READ  Pesawat mendarat di Erbil: Pengungsi Belarusia kembali ke Irak - kebijakan luar negeri

Raksasa pencarian sekarang mendapatkan dukungan kuat untuk peringkatnya. Demikian tulis ilmuwan kognitif Harvard Steven Pinker Twitter tentang Lemoine: “Dia tidak memahami perbedaan antara kesadaran, kecerdasan, dan pengetahuan diri.”

Profesor Virginia Dignum dari Kelompok Ahli Tingkat Tinggi Uni Eropa untuk Kecerdasan Buatan juga berbicara tentang “omong kosong” sehubungan dengan klaim Lemoine. Ketika ditanya apakah AI dapat mengembangkan kesadaran, dia dengan jelas menjawab “Tidak”.

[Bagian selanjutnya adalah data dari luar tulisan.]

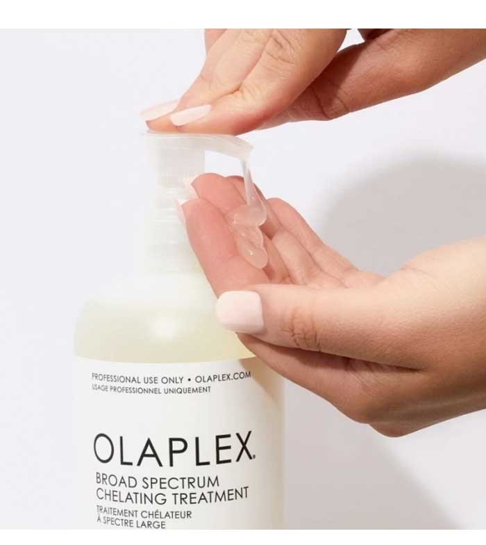 El tratamiento Broad Spectrum Chelating de Olaplex es un tratamiento de alta potencia que elimina las impurezas dañinas, el cloro, contaminación, minerales y acumulación de productos del cabello, sin perjudicar su humedad natural y proteínas.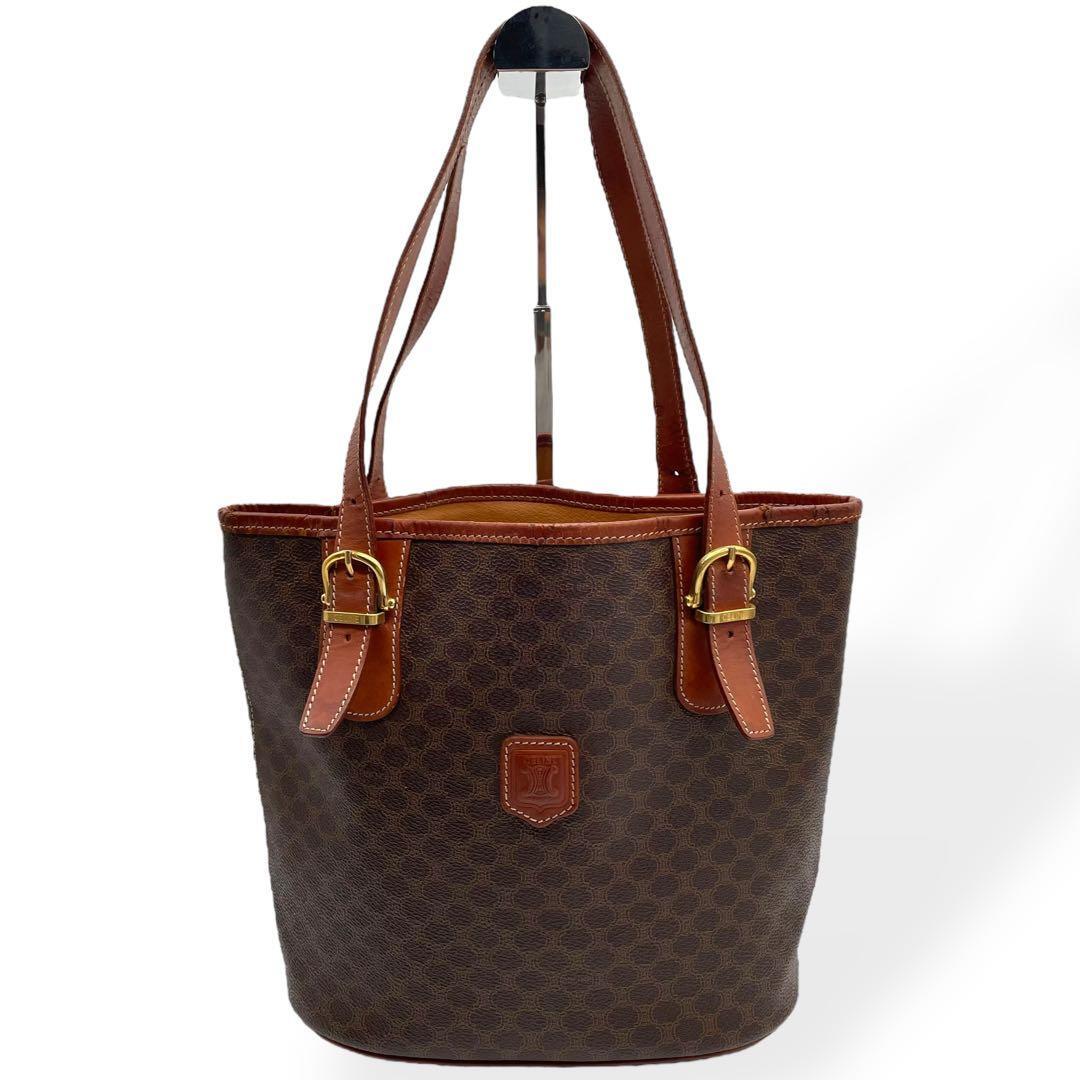 - 良品 CELINE セリーヌ ハンドバッグ 肩掛け マカダム ブラウン 総柄

Di sinilah Anda akan menemukan konten dari Twitter

Untuk berinteraksi dengan atau menampilkan konten dari Twitter dan jejaring sosial lainnya, kami memerlukan persetujuan Anda.

Tanggapan dari Profesor Joanna Bryson, ahli etika AI di Berlin Hertie School of Governance, sedikit berbeda. Meskipun dia tidak berkomentar secara langsung apakah LaMDA mengetahuinya, dia bertanya kepada Google, “Saya harap Anda akan fokus untuk membereskan semua omong kosong ini.”

Di sinilah Anda akan menemukan konten dari Twitter

Untuk berinteraksi dengan atau menampilkan konten dari Twitter dan jejaring sosial lainnya, kami memerlukan persetujuan Anda.

Written By
More from Lukman Haq
Putra Mahkota Arab Saudi MSS dituduh merencanakan pembunuhan pemimpin Hizbullah
Memuat … Beirut – Pemimpin Hizbullah Hassan Nasrallah dari Lebanon didakwa Putra...
Read More
Leave a comment

Alamat email Anda tidak akan dipublikasikan.